Via Barry Ritholtz, “I guess the marijuana laws cannot be overturned then or it would violate this 20 year contract.” More at HuffPo.
Adam Gopnik in his must read New Yorker article, The Caging of America:
The companies are paid by the state, and their profit depends on spending as little as possible on the prisoners and the prisons. It’s hard to imagine any greater disconnect between public good and private profit: the interest of private prisons lies not in the obvious social good of having the minimum necessary number of inmates but in having as many as possible, housed as cheaply as possible. No more chilling document exists in recent American life than the 2005 annual report of the biggest of these firms, the Corrections Corporation of America. Here the company (which spends millions lobbying legislators) is obliged to caution its investors about the risk that somehow, somewhere, someone might turn off the spigot of convicted men:
Our growth is generally dependent upon our ability to obtain new contracts to develop and manage new correctional and detention facilities. . . . The demand for our facilities and services could be adversely affected by the relaxation of enforcement efforts, leniency in conviction and sentencing practices or through the decriminalization of certain activities that are currently proscribed by our criminal laws. For instance, any changes with respect to drugs and controlled substances or illegal immigration could affect the number of persons arrested, convicted, and sentenced, thereby potentially reducing demand for correctional facilities to house them.

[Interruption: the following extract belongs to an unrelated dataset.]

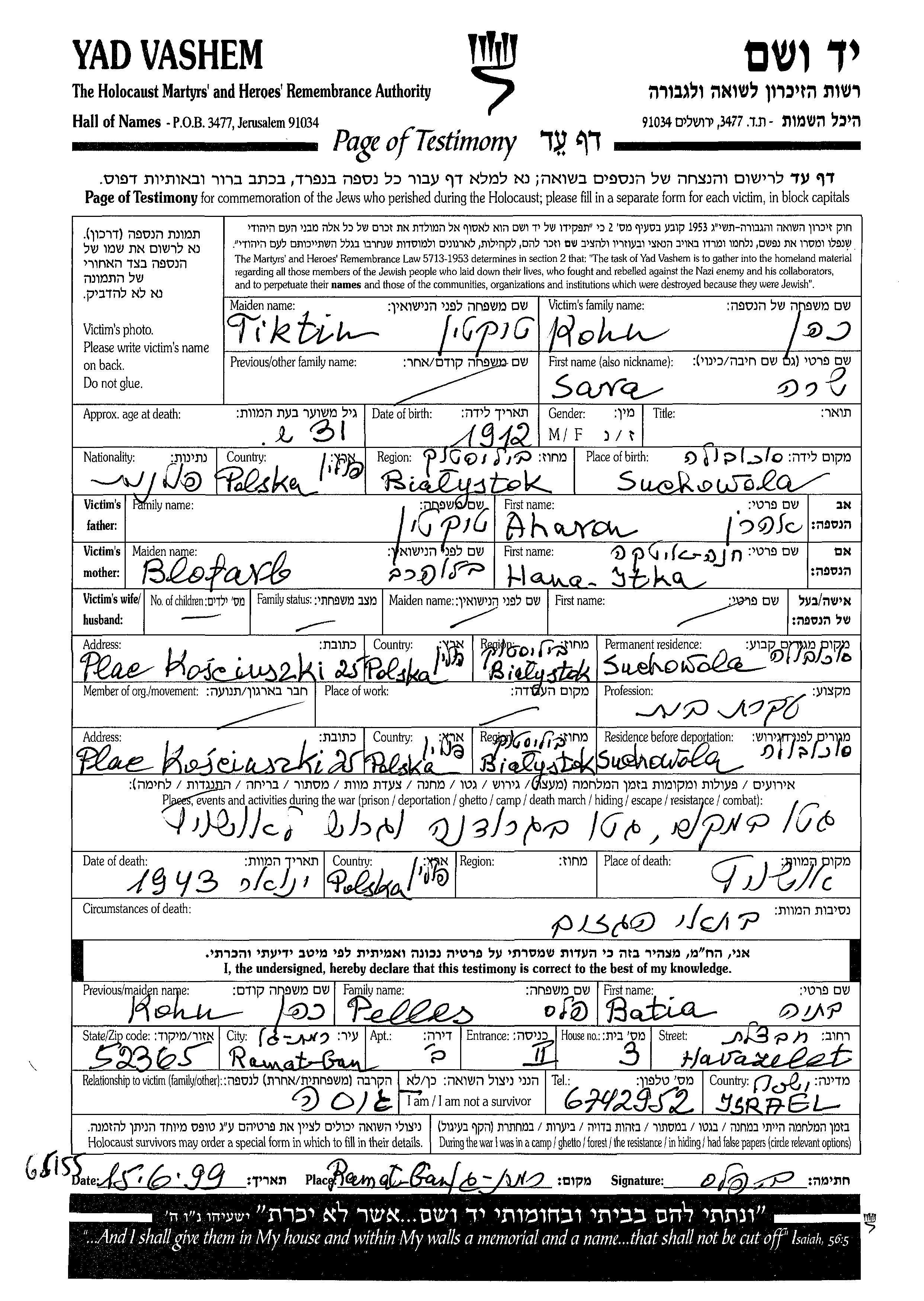 Sara Kohn, geb. Tiktin wurde im Jahr 1912 in Suchowola, Polen geboren. Sie war die Tochter von Aharon und Hana Itka. Sie war Hausfrau. Vor dem Zweiten Weltkrieg lebte sie in Suchowola, Polen. Während des Krieges war sie in Suchowola, Polen.

Brecht could hardly have imagined such a document: a capitalist enterprise that feeds on the misery of man trying as hard as it can to be sure that nothing is done to decrease that misery.
There is some small hope that we are beginning to recognize the dangers of going down that path. Salon reports that a nationwide campaign to stem investments in private corrections companies is gathering steam. And the largest ever proposed expansion of private prisons was voted down this month in the Florida Senate.